> Records for processing:
■ ■ ■ ■ ■

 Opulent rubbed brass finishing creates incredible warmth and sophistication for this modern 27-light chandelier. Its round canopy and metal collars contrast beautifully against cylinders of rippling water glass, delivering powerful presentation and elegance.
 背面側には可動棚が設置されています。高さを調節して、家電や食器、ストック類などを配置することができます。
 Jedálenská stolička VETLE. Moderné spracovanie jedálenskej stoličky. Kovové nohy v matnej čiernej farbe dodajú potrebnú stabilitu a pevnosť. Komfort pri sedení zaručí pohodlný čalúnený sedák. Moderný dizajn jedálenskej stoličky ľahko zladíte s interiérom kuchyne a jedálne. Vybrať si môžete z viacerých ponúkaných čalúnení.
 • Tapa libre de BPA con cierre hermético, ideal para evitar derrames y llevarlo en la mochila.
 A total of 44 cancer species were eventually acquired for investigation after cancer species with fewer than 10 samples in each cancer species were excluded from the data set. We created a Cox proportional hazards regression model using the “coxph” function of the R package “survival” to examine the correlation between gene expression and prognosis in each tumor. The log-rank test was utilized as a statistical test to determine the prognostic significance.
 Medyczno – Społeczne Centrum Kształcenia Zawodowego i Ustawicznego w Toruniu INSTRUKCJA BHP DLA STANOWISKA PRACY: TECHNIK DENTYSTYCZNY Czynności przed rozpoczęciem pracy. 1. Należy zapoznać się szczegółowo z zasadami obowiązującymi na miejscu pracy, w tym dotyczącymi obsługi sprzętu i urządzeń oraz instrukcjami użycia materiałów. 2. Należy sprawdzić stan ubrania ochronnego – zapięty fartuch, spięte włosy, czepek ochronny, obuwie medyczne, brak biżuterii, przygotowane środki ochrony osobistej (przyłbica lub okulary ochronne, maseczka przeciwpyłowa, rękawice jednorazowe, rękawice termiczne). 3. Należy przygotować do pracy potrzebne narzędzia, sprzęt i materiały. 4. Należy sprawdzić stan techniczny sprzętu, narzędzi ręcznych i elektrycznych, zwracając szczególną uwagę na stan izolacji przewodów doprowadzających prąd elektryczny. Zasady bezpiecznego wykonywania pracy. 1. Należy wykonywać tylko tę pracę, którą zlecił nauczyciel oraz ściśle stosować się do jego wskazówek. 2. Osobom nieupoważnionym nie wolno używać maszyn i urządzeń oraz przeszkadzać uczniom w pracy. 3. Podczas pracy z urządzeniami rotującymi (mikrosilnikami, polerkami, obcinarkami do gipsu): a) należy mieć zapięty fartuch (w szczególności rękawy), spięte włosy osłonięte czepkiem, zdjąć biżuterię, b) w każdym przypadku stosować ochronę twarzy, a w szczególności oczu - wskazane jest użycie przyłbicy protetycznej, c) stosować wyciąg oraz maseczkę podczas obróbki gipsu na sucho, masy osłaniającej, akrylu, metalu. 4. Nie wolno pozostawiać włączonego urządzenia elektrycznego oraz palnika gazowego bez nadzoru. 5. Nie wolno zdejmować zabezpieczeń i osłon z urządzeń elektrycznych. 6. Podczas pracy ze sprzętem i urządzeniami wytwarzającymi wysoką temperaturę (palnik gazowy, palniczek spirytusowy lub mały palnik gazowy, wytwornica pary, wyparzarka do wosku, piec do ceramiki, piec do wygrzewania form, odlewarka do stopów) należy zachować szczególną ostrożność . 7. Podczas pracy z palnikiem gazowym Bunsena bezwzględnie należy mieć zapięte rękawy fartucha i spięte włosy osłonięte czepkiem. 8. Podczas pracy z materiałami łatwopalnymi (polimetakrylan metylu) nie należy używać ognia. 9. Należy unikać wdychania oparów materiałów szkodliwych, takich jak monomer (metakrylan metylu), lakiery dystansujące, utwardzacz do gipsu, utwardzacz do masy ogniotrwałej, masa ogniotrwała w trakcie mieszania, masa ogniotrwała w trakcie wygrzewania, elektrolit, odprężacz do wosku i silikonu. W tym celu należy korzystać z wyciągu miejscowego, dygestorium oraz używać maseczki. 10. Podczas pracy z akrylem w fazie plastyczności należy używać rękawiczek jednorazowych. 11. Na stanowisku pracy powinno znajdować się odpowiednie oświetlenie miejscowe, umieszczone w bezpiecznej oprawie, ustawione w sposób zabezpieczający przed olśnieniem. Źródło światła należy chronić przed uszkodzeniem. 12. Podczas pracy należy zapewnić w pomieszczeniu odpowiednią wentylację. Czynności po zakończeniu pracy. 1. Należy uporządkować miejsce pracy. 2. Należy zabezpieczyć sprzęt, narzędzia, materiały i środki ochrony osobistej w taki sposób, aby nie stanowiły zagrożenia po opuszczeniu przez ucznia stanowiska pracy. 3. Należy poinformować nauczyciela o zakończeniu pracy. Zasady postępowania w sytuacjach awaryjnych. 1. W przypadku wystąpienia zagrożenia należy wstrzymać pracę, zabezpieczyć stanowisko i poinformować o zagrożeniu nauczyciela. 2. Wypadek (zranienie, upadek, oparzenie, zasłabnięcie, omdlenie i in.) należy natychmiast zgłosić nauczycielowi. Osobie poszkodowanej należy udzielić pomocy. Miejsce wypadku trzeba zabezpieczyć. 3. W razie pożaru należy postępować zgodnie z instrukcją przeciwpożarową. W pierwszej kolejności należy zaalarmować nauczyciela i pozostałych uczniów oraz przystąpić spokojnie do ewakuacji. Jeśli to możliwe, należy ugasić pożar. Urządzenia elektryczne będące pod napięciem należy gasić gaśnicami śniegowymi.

■ ■ ■ ■ ■

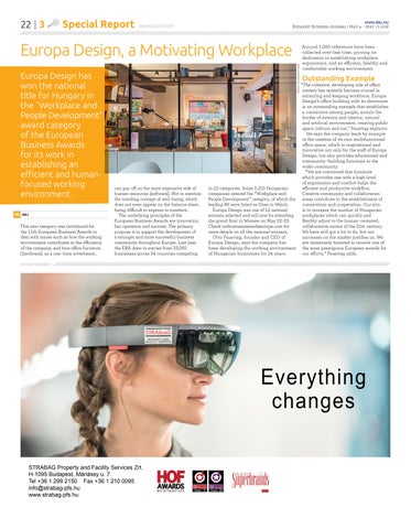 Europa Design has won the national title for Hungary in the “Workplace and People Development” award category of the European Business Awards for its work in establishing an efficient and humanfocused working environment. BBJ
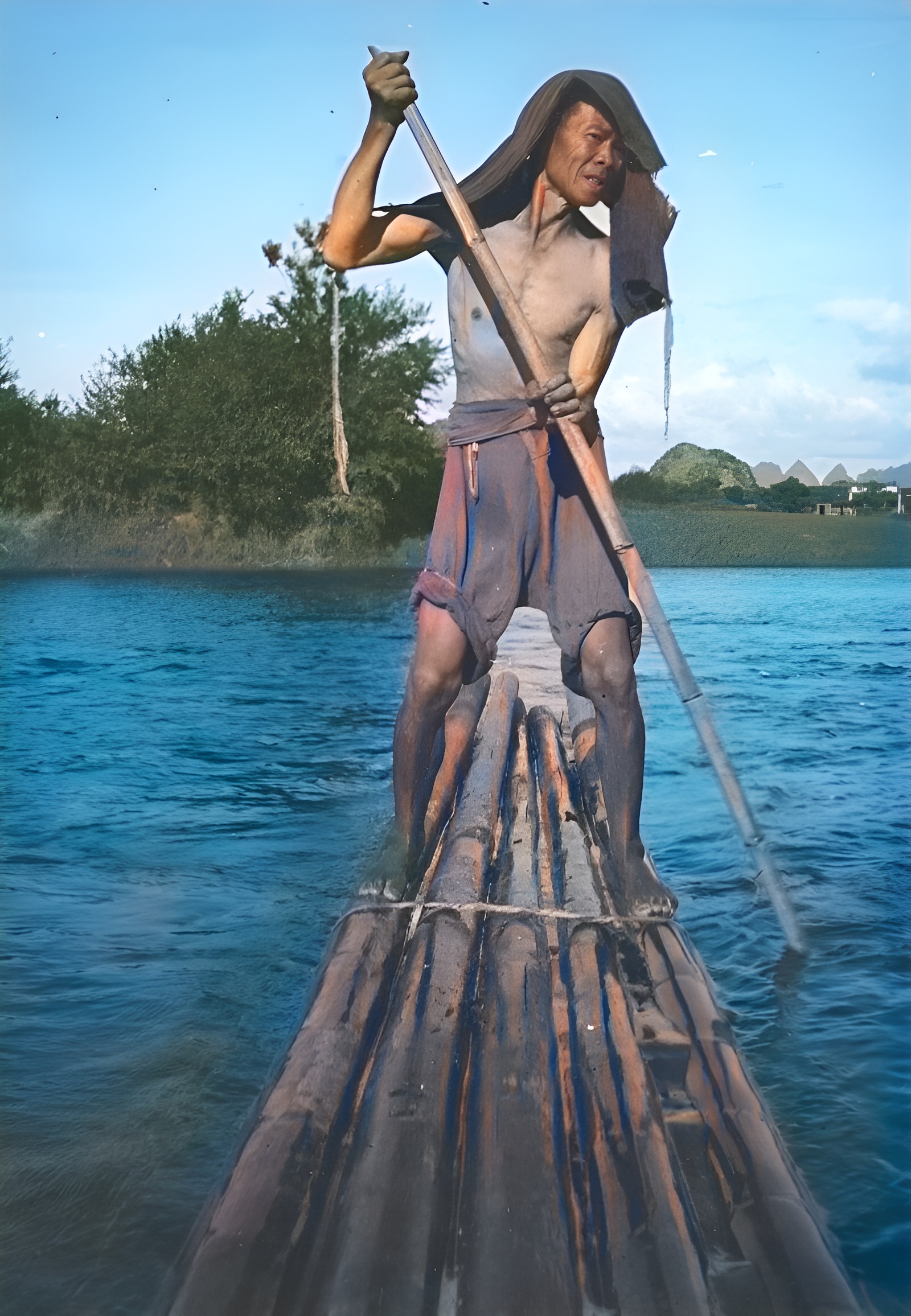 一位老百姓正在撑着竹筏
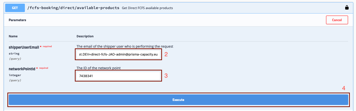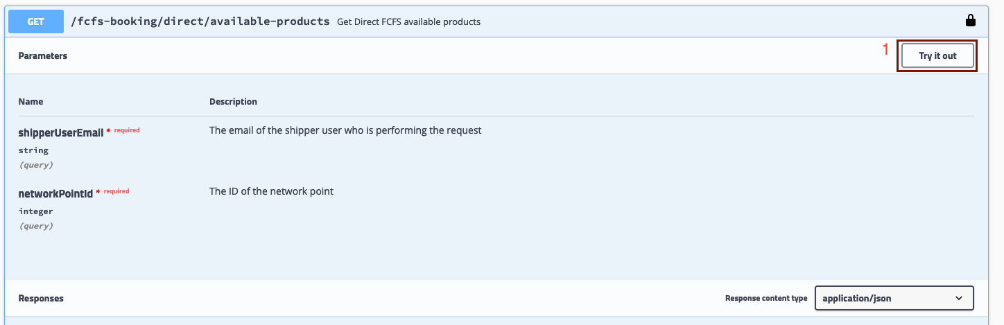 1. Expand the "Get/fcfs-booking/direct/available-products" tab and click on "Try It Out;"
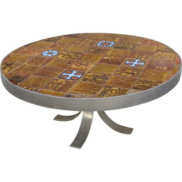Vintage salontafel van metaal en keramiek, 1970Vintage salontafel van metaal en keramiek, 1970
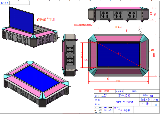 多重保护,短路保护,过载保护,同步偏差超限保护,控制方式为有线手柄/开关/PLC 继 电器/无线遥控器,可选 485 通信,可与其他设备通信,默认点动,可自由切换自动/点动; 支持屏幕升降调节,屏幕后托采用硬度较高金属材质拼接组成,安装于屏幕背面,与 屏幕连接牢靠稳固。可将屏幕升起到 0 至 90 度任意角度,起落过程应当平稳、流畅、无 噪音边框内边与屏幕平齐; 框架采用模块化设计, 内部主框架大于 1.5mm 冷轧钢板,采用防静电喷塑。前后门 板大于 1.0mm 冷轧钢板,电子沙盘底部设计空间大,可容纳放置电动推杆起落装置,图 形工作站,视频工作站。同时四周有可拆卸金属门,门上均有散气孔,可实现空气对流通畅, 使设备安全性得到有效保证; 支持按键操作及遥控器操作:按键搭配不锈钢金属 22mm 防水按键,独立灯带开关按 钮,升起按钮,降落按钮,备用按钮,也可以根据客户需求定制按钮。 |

■ ■ ■ ■ ■

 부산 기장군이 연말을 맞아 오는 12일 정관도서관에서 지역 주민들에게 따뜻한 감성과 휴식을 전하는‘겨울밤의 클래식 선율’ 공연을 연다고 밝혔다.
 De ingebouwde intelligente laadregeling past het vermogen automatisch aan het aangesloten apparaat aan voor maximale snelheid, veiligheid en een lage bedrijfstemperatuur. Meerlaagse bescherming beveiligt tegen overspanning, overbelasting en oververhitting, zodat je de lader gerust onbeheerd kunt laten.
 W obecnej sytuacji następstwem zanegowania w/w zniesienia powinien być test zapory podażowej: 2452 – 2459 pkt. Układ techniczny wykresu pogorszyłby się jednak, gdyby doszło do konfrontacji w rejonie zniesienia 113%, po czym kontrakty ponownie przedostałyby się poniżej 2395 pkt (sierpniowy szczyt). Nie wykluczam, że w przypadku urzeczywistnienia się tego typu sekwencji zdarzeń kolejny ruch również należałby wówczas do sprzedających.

■ ■ ■ ■ ■

> Task:
With the line holding "Opulent rubbed brass" as the first and the line holding "A total of 44" as the last, please transcribe exactly the lines of the material above in that range and nothing else.

> Answer to this problem:
 Opulent rubbed brass finishing creates incredible warmth and sophistication for this modern 27-light chandelier. Its round canopy and metal collars contrast beautifully against cylinders of rippling water glass, delivering powerful presentation and elegance.
 背面側には可動棚が設置されています。高さを調節して、家電や食器、ストック類などを配置することができます。
 Jedálenská stolička VETLE. Moderné spracovanie jedálenskej stoličky. Kovové nohy v matnej čiernej farbe dodajú potrebnú stabilitu a pevnosť. Komfort pri sedení zaručí pohodlný čalúnený sedák. Moderný dizajn jedálenskej stoličky ľahko zladíte s interiérom kuchyne a jedálne. Vybrať si môžete z viacerých ponúkaných čalúnení.
 • Tapa libre de BPA con cierre hermético, ideal para evitar derrames y llevarlo en la mochila.
 A total of 44 cancer species were eventually acquired for investigation after cancer species with fewer than 10 samples in each cancer species were excluded from the data set. We created a Cox proportional hazards regression model using the “coxph” function of the R package “survival” to examine the correlation between gene expression and prognosis in each tumor. The log-rank test was utilized as a statistical test to determine the prognostic significance.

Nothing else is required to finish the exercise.